Dataset items
"""
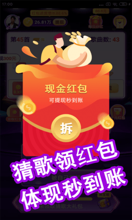 1、根据前奏进行猜歌答题,答对闯关就能领取红包,每日挑战趣味多多
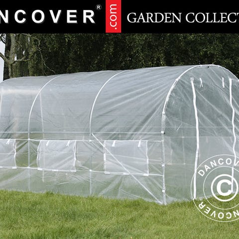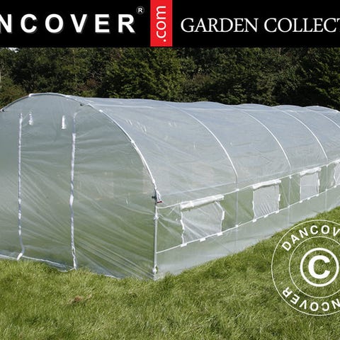 Polytunnel drivhus med perfekte vækstbetingelser for alle slags planter – både frugter, grøntsager og blomster. Transparent materiale, 6 vinduer med net på hver side og en dør i hver ende. Specielt udviklet dug sikrer optimale vækstbetingelser.
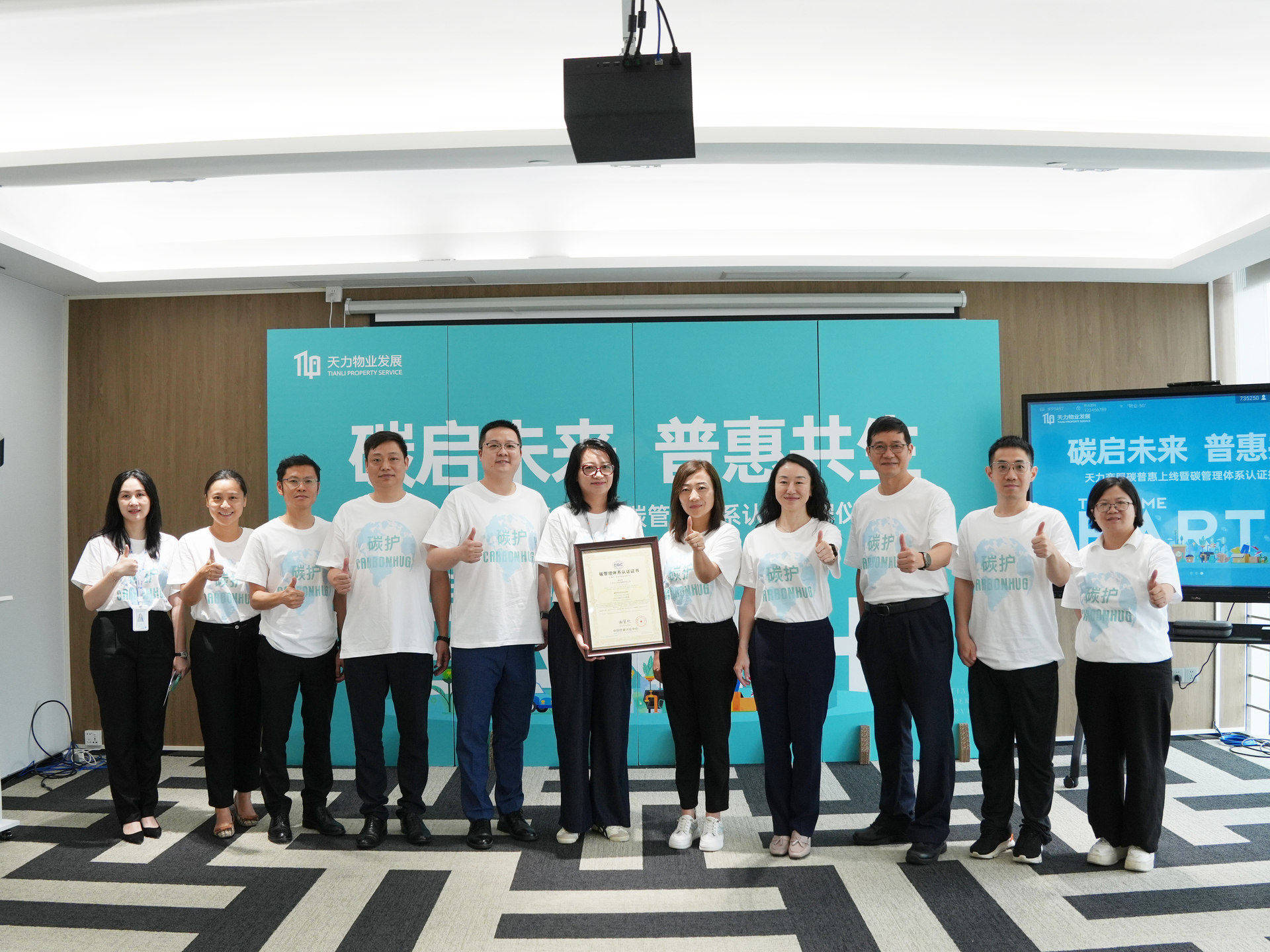 近日,中国中检广东公司(华南区域总部)助力广州天力物业发展(简称“天力物业”)获得CQC物业行业首张碳管理体系认证证书,应邀出席天力物业“碳启未来 普惠共生”主题仪式,见证物业行业首次实现碳普惠机制落地的里程碑时刻。
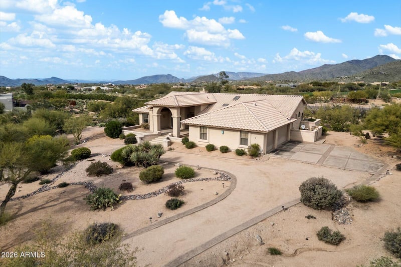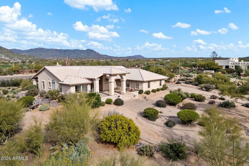 Listing details for 9520 Romping Rd, Carefree, AZ 85377 : This custom home sits on an elevated one-acre+ lot (el 2,712) capturing sweeping mountain views from the moment you step inside. Located in an upscale neighborhood surrounded by million-dollar homes, the setting offers privacy and room to add value—including plenty of space for a pool or guest house.
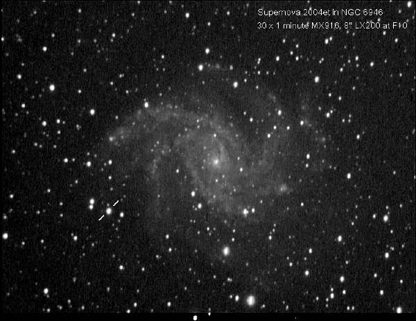 NGC 6946 is highly obscured by interstellar matter of the Milky Way galaxy, as it is quite close to the galactic plane. Nine supernovae (SN 1917A, SN 1939C, SN 1948B, SN 1968D, SN 1969P, SN 1980K, SN 2002hh, SN 2004et, and SN 2008S) have been observed in NGC 6946.
"""
Aim of the task ▸
Leave every picture out, and transcribe the data above exactly as it reads.

Response below ▸
 1、根据前奏进行猜歌答题,答对闯关就能领取红包,每日挑战趣味多多
 Polytunnel drivhus med perfekte vækstbetingelser for alle slags planter – både frugter, grøntsager og blomster. Transparent materiale, 6 vinduer med net på hver side og en dør i hver ende. Specielt udviklet dug sikrer optimale vækstbetingelser.
 近日,中国中检广东公司(华南区域总部)助力广州天力物业发展(简称“天力物业”)获得CQC物业行业首张碳管理体系认证证书,应邀出席天力物业“碳启未来 普惠共生”主题仪式,见证物业行业首次实现碳普惠机制落地的里程碑时刻。
 Listing details for 9520 Romping Rd, Carefree, AZ 85377 : This custom home sits on an elevated one-acre+ lot (el 2,712) capturing sweeping mountain views from the moment you step inside. Located in an upscale neighborhood surrounded by million-dollar homes, the setting offers privacy and room to add value—including plenty of space for a pool or guest house.
 NGC 6946 is highly obscured by interstellar matter of the Milky Way galaxy, as it is quite close to the galactic plane. Nine supernovae (SN 1917A, SN 1939C, SN 1948B, SN 1968D, SN 1969P, SN 1980K, SN 2002hh, SN 2004et, and SN 2008S) have been observed in NGC 6946.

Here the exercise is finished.